I used the https://stackoverflow.com/a/23909767/7125235 as code reference for getting the time values.


import timeit

if __name__ == "__main__":
    code_block = """seen = {}
for i in l:
    if seen.get(i):
        seen[i] += 1
    else:
        seen[i] = 1
"""
    setup = """import random
import string
from collections import Counter
n=1000
l=[random.choice(string.ascii_letters) for x in range(n)]
"""

    t1 = timeit.Timer(
        stmt="Counter(l)",
        setup=setup,
    )

    t2 = timeit.Timer(
        stmt="[[x,l.count(x)] for x in set(l)]",
        setup=setup,
    )
    t3 = timeit.Timer(
        stmt=code_block,
        setup=setup,
    )

    print("Counter(): ", t1.repeat(repeat=3, number=10000))
    print("count():   ", t2.repeat(repeat=3, number=10000))
    print("seen{}:   ", t3.repeat(repeat=3, number=10000))

Output:

Run1:

Counter():  [0.32974308, 0.319977907, 0.301750341]
count():    [6.424047524000001, 6.417152854, 6.450776530000001]
seen{}:    [1.1089669810000018, 1.099655232, 1.116015376]
   

Run 2:

Counter():  [0.322483783, 0.32464020800000004, 0.33498838900000005]
count():    [6.3235339029999995, 6.48233445, 6.543396192000001]
seen{}:    [1.1192663550000006, 1.1072084830000009, 1.1155270229999985]

Solution

  • TL;DR

    Counter.__init__ is using a C loop (in CPython, at least) to count the iterable's elements, see https://github.com/python/cpython/blob/6b1ac809b9718a369aea67b99077cdd682be2238/Modules/_collectionsmodule.c#L2277.

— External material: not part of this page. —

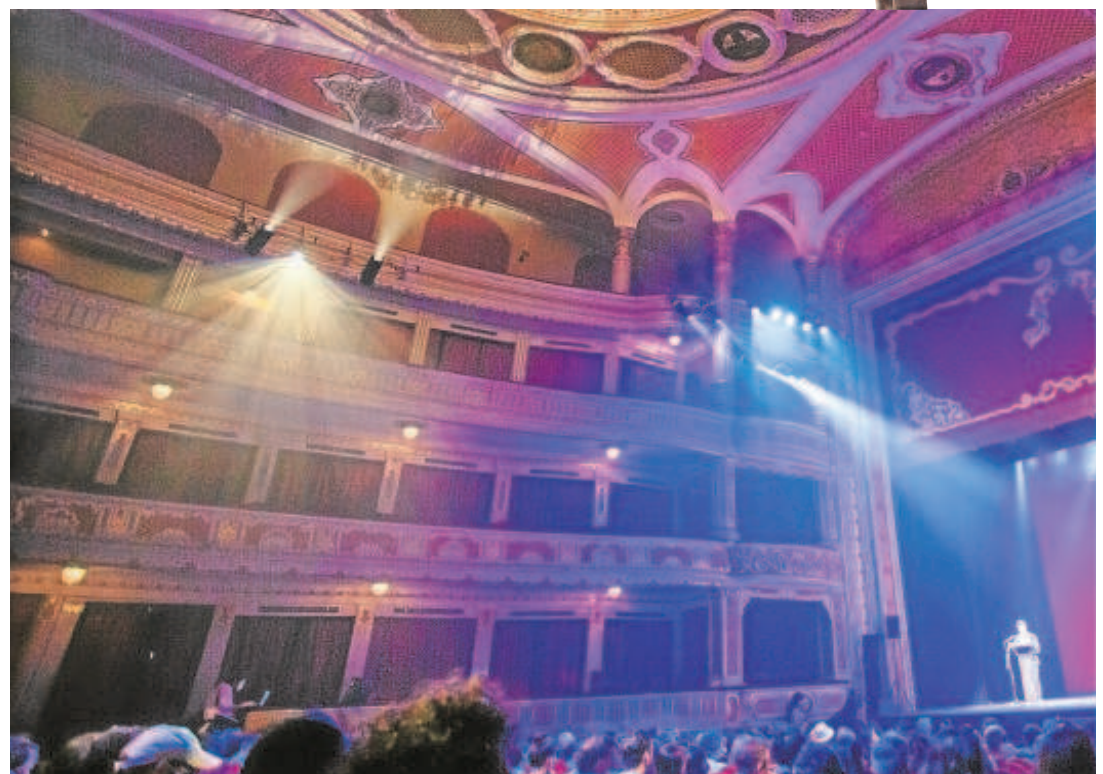
Un momento de la presentación de la XXII Bienal de Flamenco, ayer en el Teatro Lope de Vega

    Counter is (mostly, see below) implemented in Python, meaning its code can be inspected, debugged and even modified very easily.

    Counter.__init__ in CPython 3.8 (docstring not included):

    def __init__(self, iterable=None, /, **kwds):
        super(Counter, self).__init__()
        self.update(iterable, **kwds)
    

    and Counter.update (irrelevant paths not included):

    def update(self, iterable=None, /, **kwds):
        if iterable is not None:
            if isinstance(iterable, _collections_abc.Mapping):
                ...
            else:
                _count_elements(self, iterable)
        if kwds:
            ...
    

    and _count_elements:

    def _count_elements(mapping, iterable):
        mapping_get = mapping.get
        for elem in iterable:
            mapping[elem] = mapping_get(elem, 0) + 1
    

    However, there is a very important piece of code + comment right below the implementation of _count_elements:

    try:  # Load C helper function if available
        from _collections import _count_elements
    except ImportError:
        pass
    

    In other words, Counter uses a C loop to count the elements, which is inherently faster than the Python loop you are using.

    We can do a small experiment. Comment out the code that imports the C function:

    # try:   # Load C helper function if available
    #     from _collections import _count_elements
    # except ImportError:
    #     pass
    

    Executing your code:

    Counter():  [1.8369901, 1.8359803000000001, 1.940804]
    seen{}:    [1.2392313000000001, 1.2483893999999998, 1.3157528000000003]
    

    Now Counter is actually slower than a plain dict.